## Assignment:
In the following listing, find the lines containing "Teratak" and report them.

## Data provided:
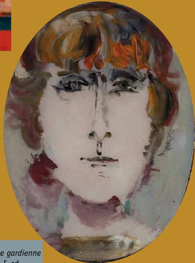
38 - Neige gardienne du Temps I , sd
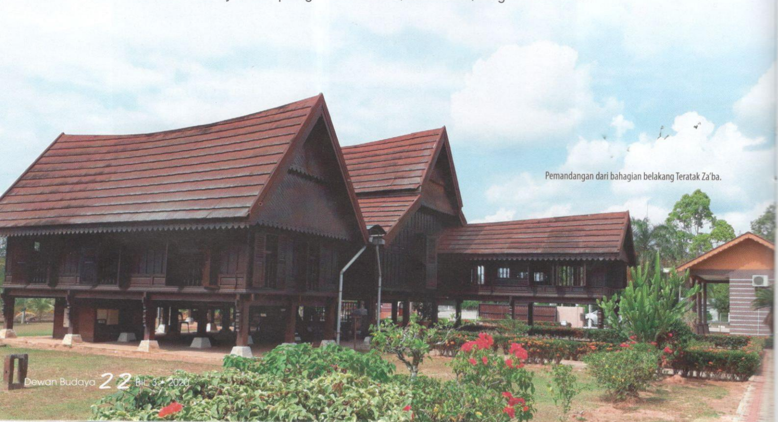
Pemandangan dari bahagian belakang Teratak Za'ba.

Teratak Za'ba ialah pustaka atau memorial yang menghimpunkan khazanah warisan Allahyarham Tan Sri (Dr.) Pendeta Haji Zainal Abidin Ahmad, atau dikenali sebagai Za'ba, di desa kelahirannya, Kampung Bukit Kerdas, Batu Kikir, Negeri Sembilan.

## Solved problem:
Pemandangan dari bahagian belakang Teratak Za'ba.
Teratak Za'ba ialah pustaka atau memorial yang menghimpunkan khazanah warisan Allahyarham Tan Sri (Dr.) Pendeta Haji Zainal Abidin Ahmad, atau dikenali sebagai Za'ba, di desa kelahirannya, Kampung Bukit Kerdas, Batu Kikir, Negeri Sembilan.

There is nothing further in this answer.